I suppose if one were to collect as many of them as possible, they could be used to play poker.

“I’ve got three-of-a-kind with starred-out nipples.”

“Beats my pair of handbras.”

“Does four pair beat three-of-a-kind?”

“Um, that’s only two pair. You count the girls.”


“I’ve got you all beat: flush, girl-turned-away-from-camera-so-the-nipple-is-just-out-of-view high.”

“You moron, it has to be their natural hair color to count as a flush.”

Unsurprisingly, the sidewalks are paved with discarded ads for prostitutes. But don’t worry, if for some reason you can’t find anyone handing them out, and are too dignified to pick them off the sidewalk, rest assured that 75% of the newspaper boxes are actually filled with full-size ads for prostitutes.

But in a way, I expected all that. What I didn’t expect was the latest innovation in mechanizing the gambling experience: the electronic blackjack table. Not video blackjack, mind you. This is a blackjack table where the dealer is replaced by a large computer screen displaying a “dealer” avatar, and you play using the touch screen in front of each seat. (And yes, you can select which dealer you want to see, in case you aren’t satisfied with the particular revealing outfit she — obviously it’s always a she — is wearing.)
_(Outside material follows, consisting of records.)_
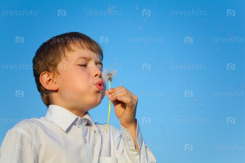 Мальчик дует на одуванчик, стоя на фоне неба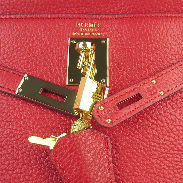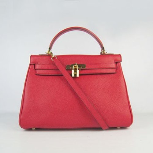 Hermes Kelly 32cm Togo Leather handbag red/golden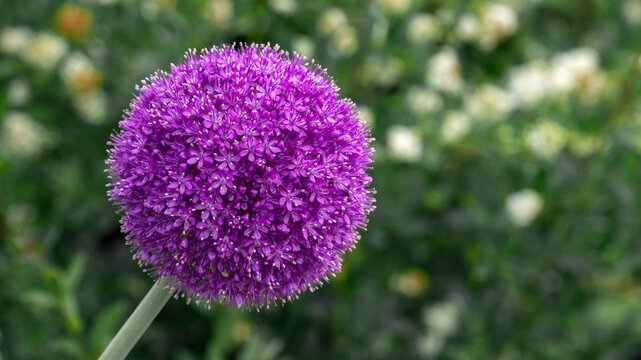 Blooming purple allium flower head with soft bokeh garden background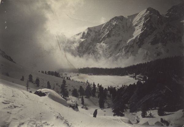 Widok na Popradzki Staw i Dolinę Mięguszowiecką z Doliny Złomisk w scenerii zimowej. Nad wschodnim brzegiem stawu widoczny hotel górski kpt. Stefana Moravki otoczony lasem. W tle południowa grań Skrajnej Baszty oraz Mała Baszta.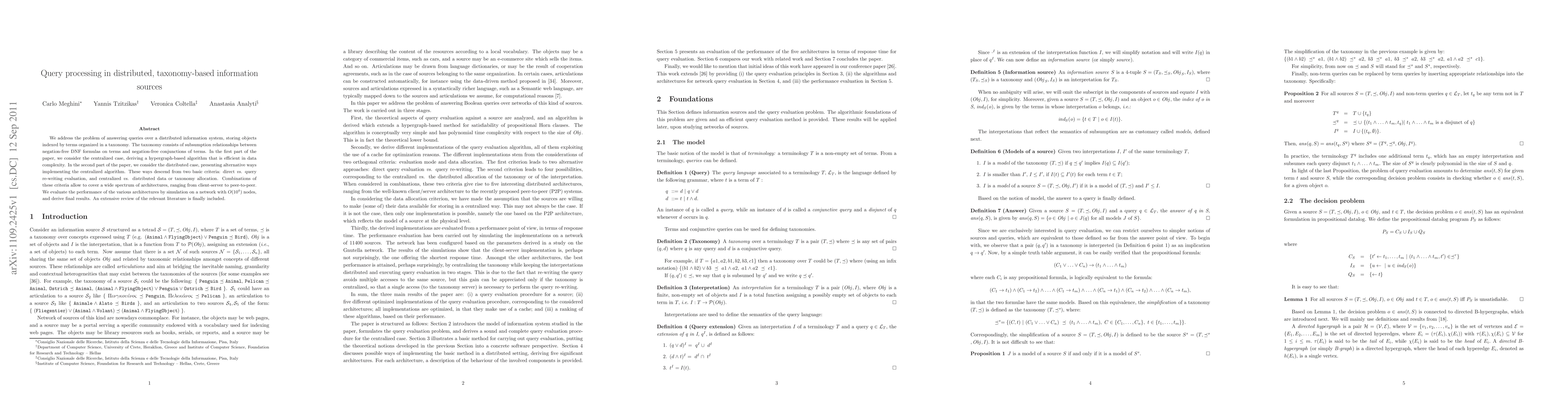Researchers developed a hypergraph-based algorithm for efficient query processing in distributed information systems with taxonomy-based indexing, covering client-server to peer-to-peer architectures.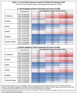 Results:While our shock scenarios (Table 1) are incomplete as they do not take all transmission channels or second round effects into account, they do highlight that the impacts of a short-lived crisis on tourism-driven output would be considerably less damaging than one that extends through the peak season beginning later in the year—particularly for countries with large seasonal variations. As noted, we apply the same shock scenarios to two variables: the direct (Table 1.1) and total (Table 1.2) contributions of tourism to each country’s overall output. At the extreme, a high-impact scenario of a 75% reduction in tourism arrivals over the last 3 quarters of the year could reduce GDP relative to the pre-crisis baseline expectation by between 11 percentage points and 26 percentage points in the case of Bahamas, and by appreciable magnitudes also for Barbados and Jamaica. Countries that are less tourism dependent would also be less affected across our range of scenarios, though other channels not simulated here could also have large impacts.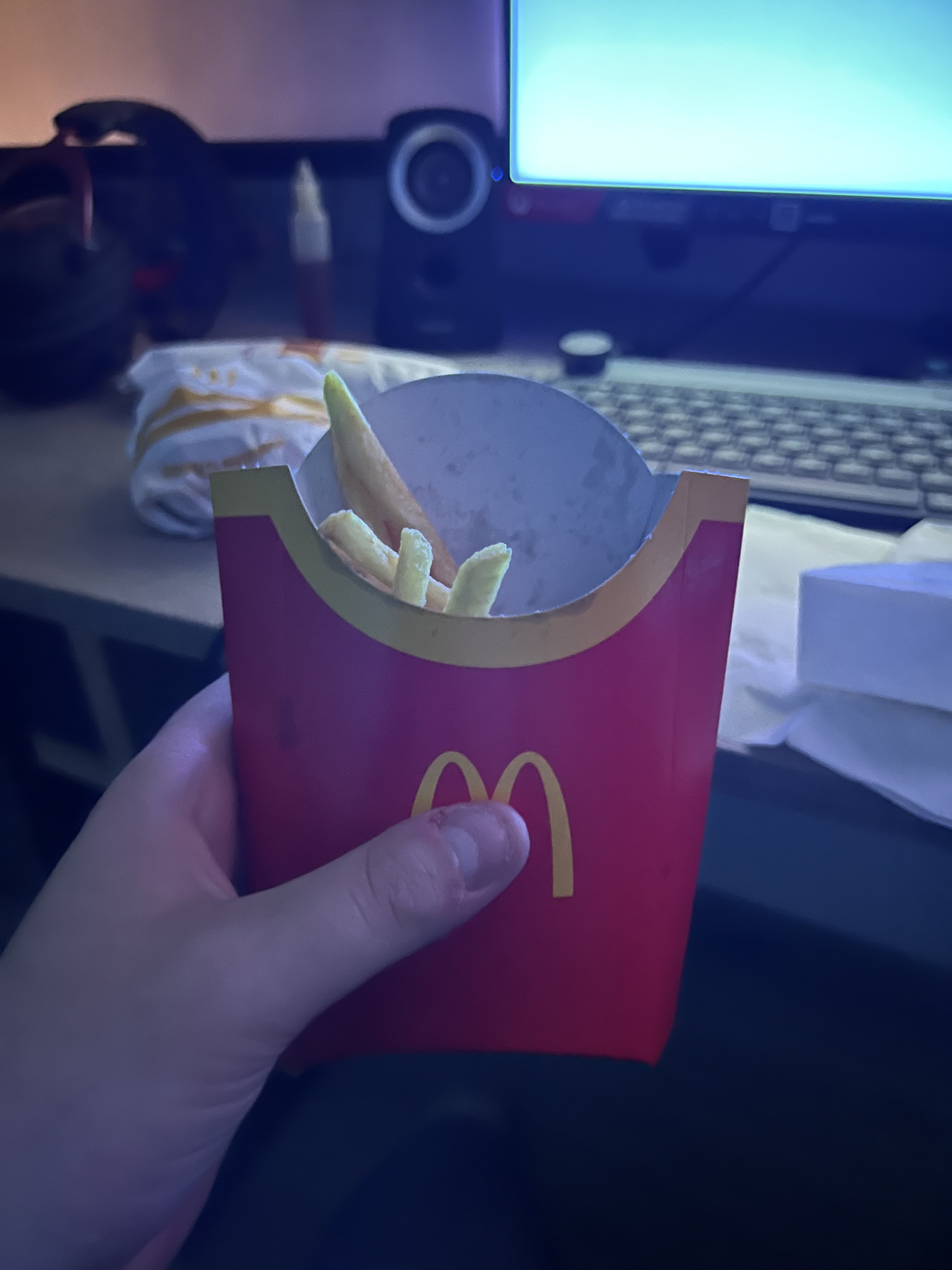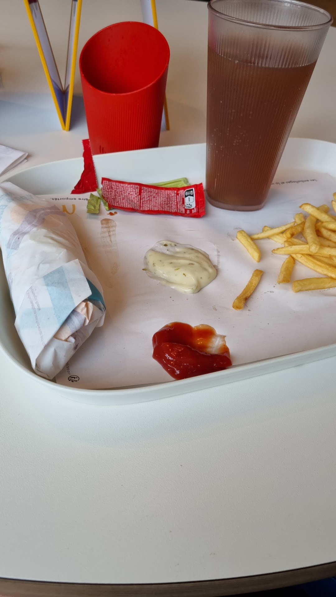 Happy meal = 10 frites qui se battent en duel ! On a bien cherché si elles étaient tombées ailleurs mais non ! Et encore les sauces d’oublier! Ça en devient pénible ! Surtout quand il n’y a pas foule et donc pas de coup de jus ! On le paye ce repas ! Un peu de respect pour le client svp !

These machines are an abomination. It’s the dealer’s eyes. How they’re always staring off at some point past the seats during the idle animation. The empty, vapid smile clinches it. Obviously the machines are soulless, but it’s like the designers tried their hardest to evoke that sense through the dealer, and succeeded beyond comprehension. Most arcade games — remember those? — had an attract mode when no one was playing. These machines have a repel mode.

But, as much as it pains me to admit, Las Vegas does have a few good points. Blue Man Group is worth seeing. Their show is… hard to describe. Suppose an alien race landed on Earth and somehow, after all the prerequisite take-me-to-your-leader stuff got taken care of, somehow wound up with a Vegas show. I imagine it would be something like Blue Man Group.
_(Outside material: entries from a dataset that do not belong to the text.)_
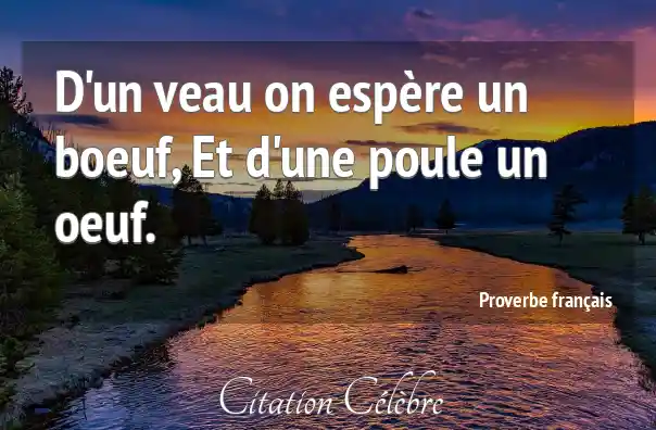 Proverbe  Français Oeuf : D'un veau on espère un boeuf, Et d'une poule un...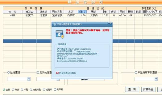 2009年3月9日,瑞星“云安全”系統(tǒng)提供的數(shù)據(jù)表明,網(wǎng)民中流行的“極品時刻表”軟件被黑客掛馬,截至當(dāng)天19時為止,瑞星已攔截到66757人次網(wǎng)民遭到攻擊。極品時刻表內(nèi)嵌的網(wǎng)頁被黑客植入木馬,當(dāng)用戶使用該軟件查詢列車車次時,就會遭到攻擊。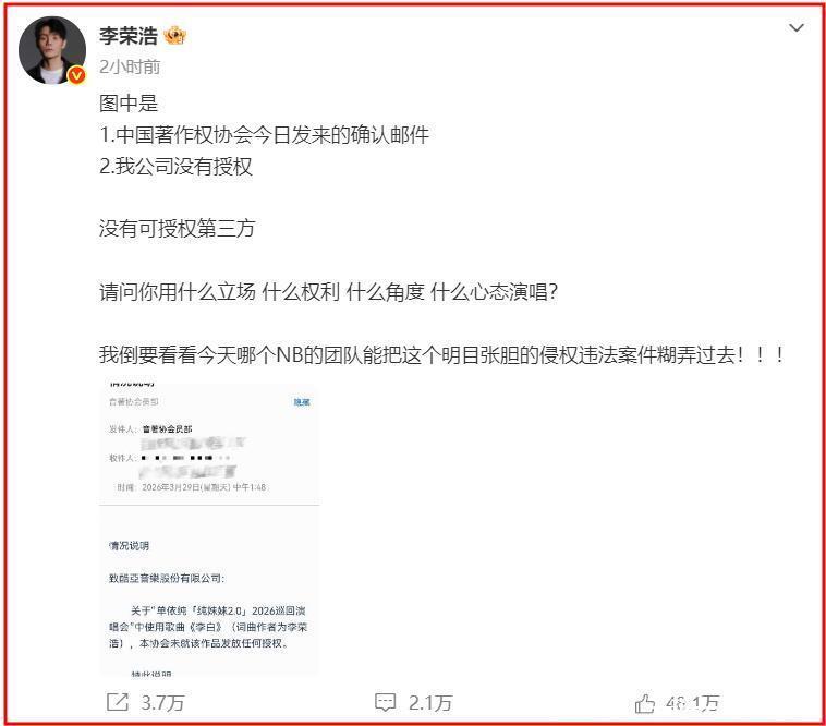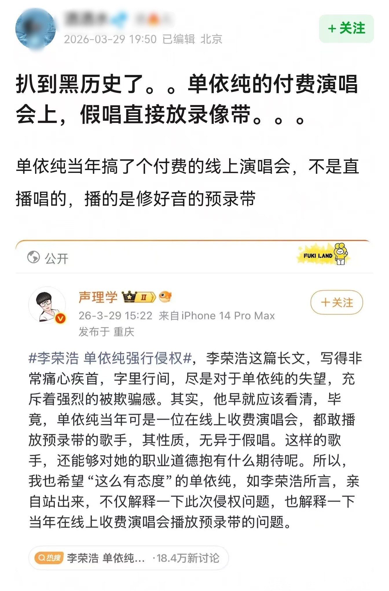 重生代歌手单依纯触碰了老牌歌手李荣浩的底线,十分震怒的李荣浩发文控诉。

Penn & Teller were also good. Before going to the show, I had the brilliant idea for a souvenir for Renee: get a playing card signed by them, and then present it to her in the course of doing a card trick, a sort of “is this your card?” kind of thing.

I started by going to the Rio’s gift shop to buy a deck of cards before the show. I wound up in the checkout line behind a woman who was evidently buying one of every fragile item they had. I got to watch for several minutes as the cashier individually wrapped each one of them, as I checked my watch and worried I was going to miss the start of the performance.
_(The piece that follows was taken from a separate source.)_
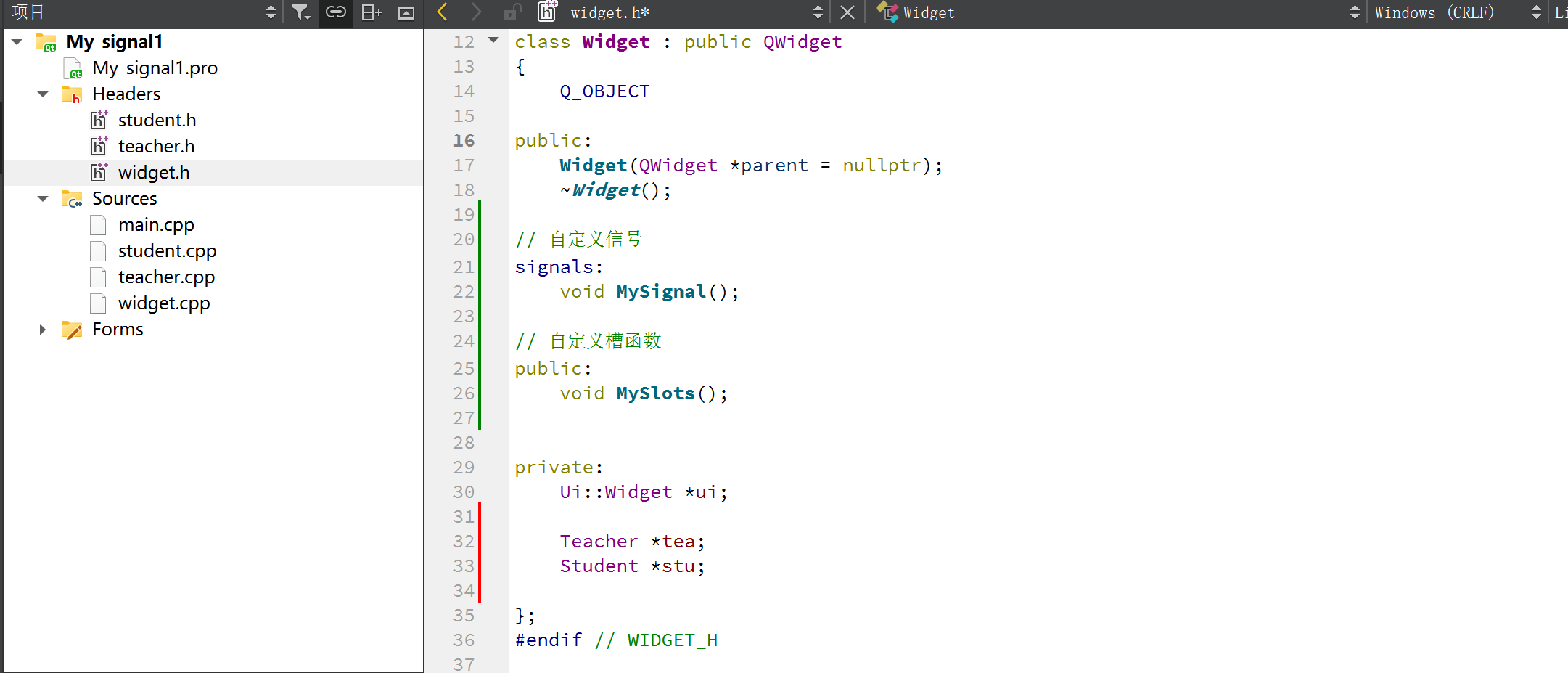1.3.4. 在 widget.h 中实例化 "⽼师类对象" 和 "学⽣类对象"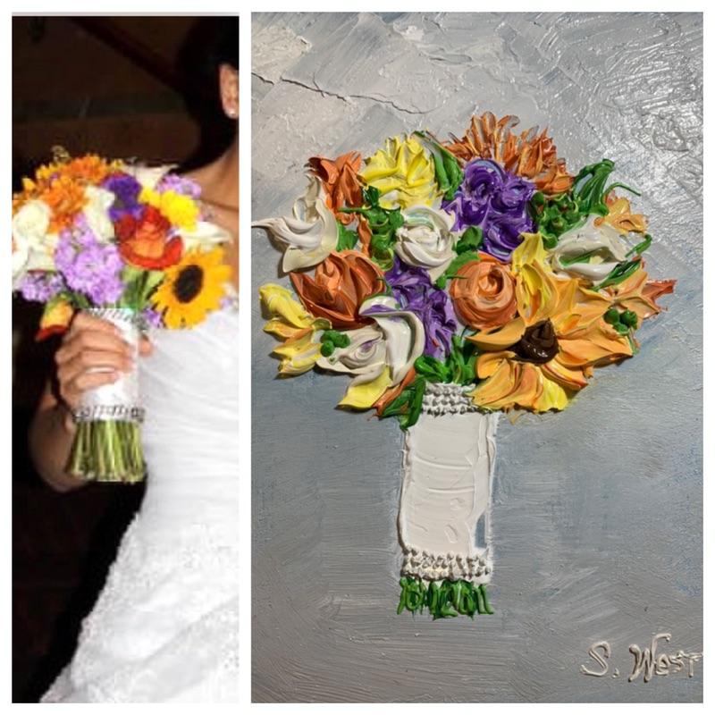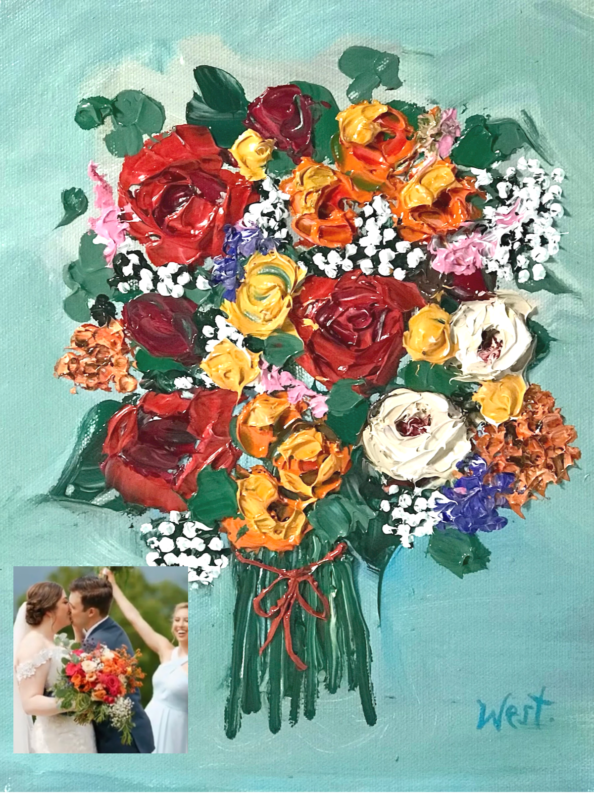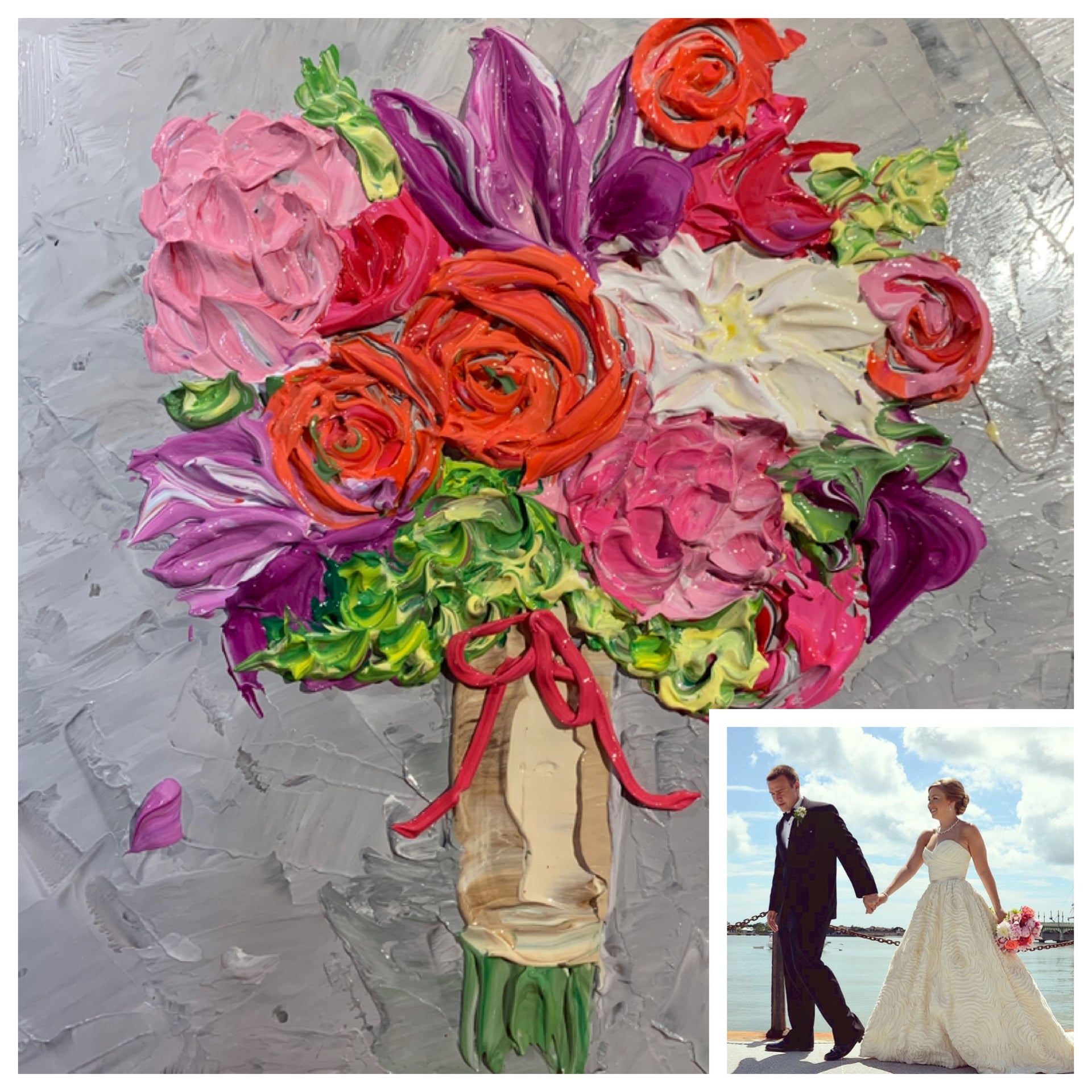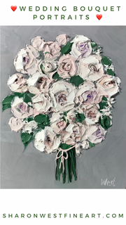 Have your or a loved one's wedding bouquet memorialized in a stunning portrait that will help you remember that special day forever! I will paint your bouquet on canvas using palette knives and stunning colors, using my unique texture medium and impasto style. Many artists create bouquet portraits, but mine are uniquely mine!

Fortunately, I did not, finally getting into the theater with a little time to spare. The show itself was good, and for obvious reasons I won’t spoil it other than by saying that one thing Penn & Teller like to do is to do a different trick than the one you think they’re doing. That’s like a whole other level of misdirection.

After the show, for whatever reason only Teller went out into the lobby to sign autographs and whatnot. Undeterred, this was my chance. When I got up to the front of the line, I handed him — what else? — the three of clubs from the deck I had purchased. He signed it “Teller” and handed it back to me. As I began to move away to give someone else a chance, he stopped me and said — yes, said, out loud — “Wait, I can do better.” I handed it back, and he wrote on the top of it “Is THIS Your Card?”


It’s a shame that I’m terrible at doing card tricks, not helped by how Renee saw though the obvious trick and deliberately ruined things for me. That’s what I get for underestimating her.

But yeah, aside from that, Vegas is terrible.

3 Responses

  1. It *was* awesome. And I didn’t *deliberately* ruin the trick. I just cut the deck like any reasonable person would do when asked to draw a card…

  2. The pedestrian traffic issue is also pretty endemic to San Francisco and some parts of Seattle. And don’t forget the groups of people walking in excruciatingly-slow lock-step and taking up MOST of the sidewalk, and weaving back and forth just enough that you can’t comfortably slip past.

  3. What happens in Kulinibox, stays in Kulinibox.